The Heath, Mind and Society programmes events which reflect the diversity of the initiative, with regular seminars, lectures, debates and conferences through the year.
Mal-Nutrition. Maternal Health Science and the Reproduction of Harm by Emily Yates-Doerr (Winner of the Rachel Carson Prize 2025)

Date: 9th July 5-6.30pm
Location: Daryll Forde Seminar Room, Anthropology Department, 14 Taviton Street,London and online (hybrid)
Book tickets
About the event:
SHS Health, Mind and Society and UCL Grand Challenges supported Anthropocene Sustenance project teams is delighted to host this book launch event with Emily Yates Doerr who will talk about her recently published monograph ‘Mal-Nutrition. Maternal Health Science and the Reproduction of Harm’. The book documents how maternal health interventions in Guatemala are complicit in reproducing poverty. This thought provoking and timely book shows that the control of mothering is paradigmatic technique of American violence that serves to control the reproduction of privilege and power. It explores the efforts of Guatemalan scientists, midwives and mothers to counter the harms of such mal-nutrition. Their powerful stories offer a window into a form of nutrition science and policy that encourage collective nourishment and fosters reproductive cycles in which women, children and their entire communities can flourish (adapted from back jacket of book).

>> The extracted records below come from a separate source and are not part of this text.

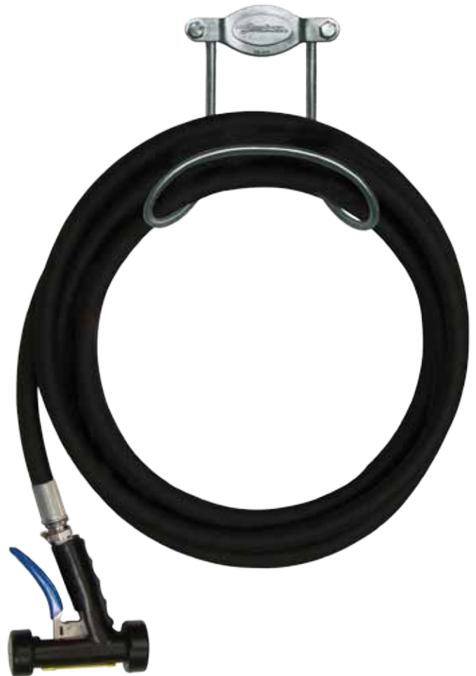
Shown: HR-100 Wall-Mounted Hose Rack; shown with premium hose assembly and S-70 Series nozzle.

Using \frac{5}{8} " Masonry Drill, drill two holes on a horizontal line made deep enough to admit the Loxin Shields. Insert Shields with nut end to back of hole and tighten screw until rack is securely fastened to wall.
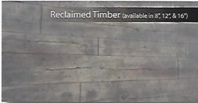
Reclaimed Timber (available in 8", 12", & 16")

Color Hardener: Arizona Buff & Splash of Terra Cotta and Saddle Soap | Release Color: Walnut
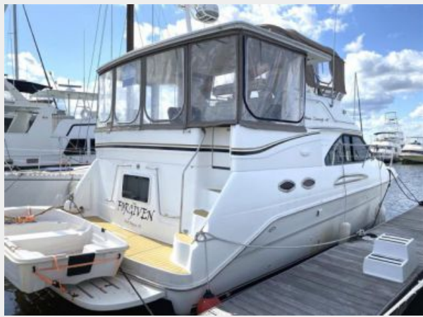
1998 Sea Ray 370 Aft Cabin
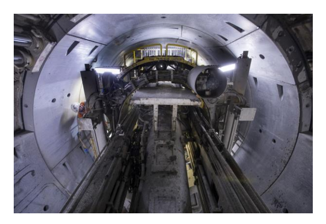
Above – inside the Tunnel Boring Machine

Working hours for tunnelling and surface tunnel support are now 24 hours/7 days a week. We do everything we can to minimise night time noisy works. This will include deliveries arriving to site between 07:00 and 20:00 Monday to Saturday and the barge movements 24/7 during the tunnelling period to remove excavated material.
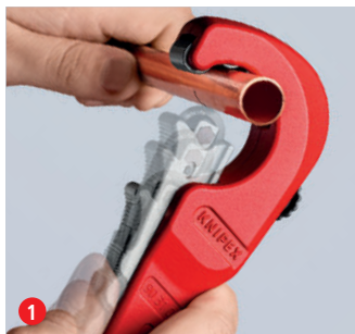
1 Cutting now made easy: position the opened KNIPEX TubiX®...
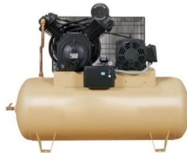
Two stage Air compressor
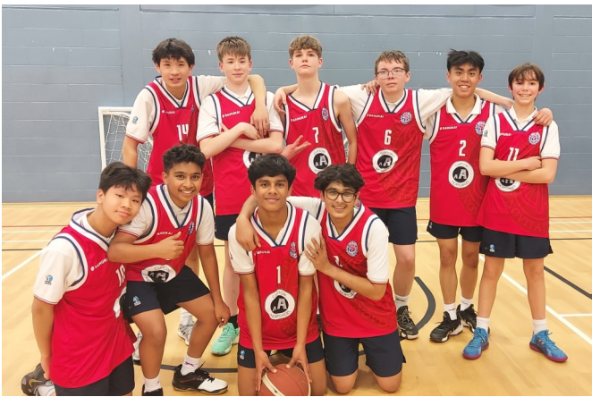
Junior Basketball team

Congratulations to two talented squads. Your hard work exemplifies our St Bede's Way principles. We are proud of you.
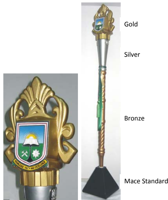
Fig. 6 UMaT Ceremonial Mace

UMaT mace is divided into three main chromatic sections. The three (3) main chromatic sections
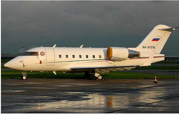
Challenger 604 Intake Covers, OEM design

The Canadair Regional Jet 200, 700 Bikini Style Engine Covers are a single-piece design using a soft and smooth stretchy and fabric. The cover stretches tightly over both the intake and exhaust, installing quickly and easily. These covers are designed to be used as hangar dust covers and have a useful life of approximately one year.
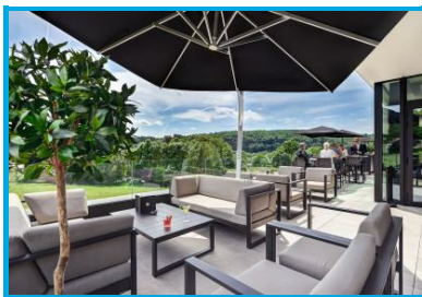
R hotel experiences

Square Philippe Gilbert 1 Remouchamps - 4920
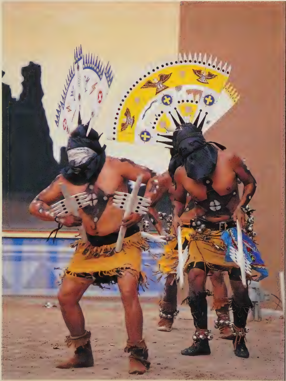
Apache dancers perform the Mountain Spirit Dance in Gallup, New Mexico.
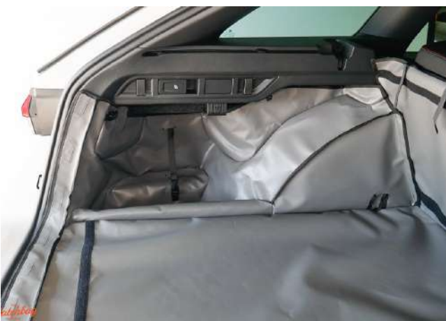
SH4- Hybrid- boot liner left side

We will also have comments from Ann Kelly (Anthropology Dept, University of Oxford) and Cicely Marsten (Dept of Primary Health Care Sciences, University of Oxford) followed by audience Q and A.
Speaker Biography:
Emily Yates-Doerr is an anthropologist at Oregon State University whose research is at the intersections of feminist science studies, medical anthropology, and food studies. Her previous books include The Weight of Obesity: Hunger and Global Health in Postwar Guatemala (University of California Press, 2015) and the edited volume The Ethnographic Case: Telling Stories, Shaping Knowledge (Mattering Press, 2023). She holds a Ph.D. in sociocultural anthropology from New York University and recently completed an ERC Starting Grant on global maternal health interventions, based at the University of Amsterdam. She is currently conducting research on memories of nuclear weapons testing and chemical contamination in the United States.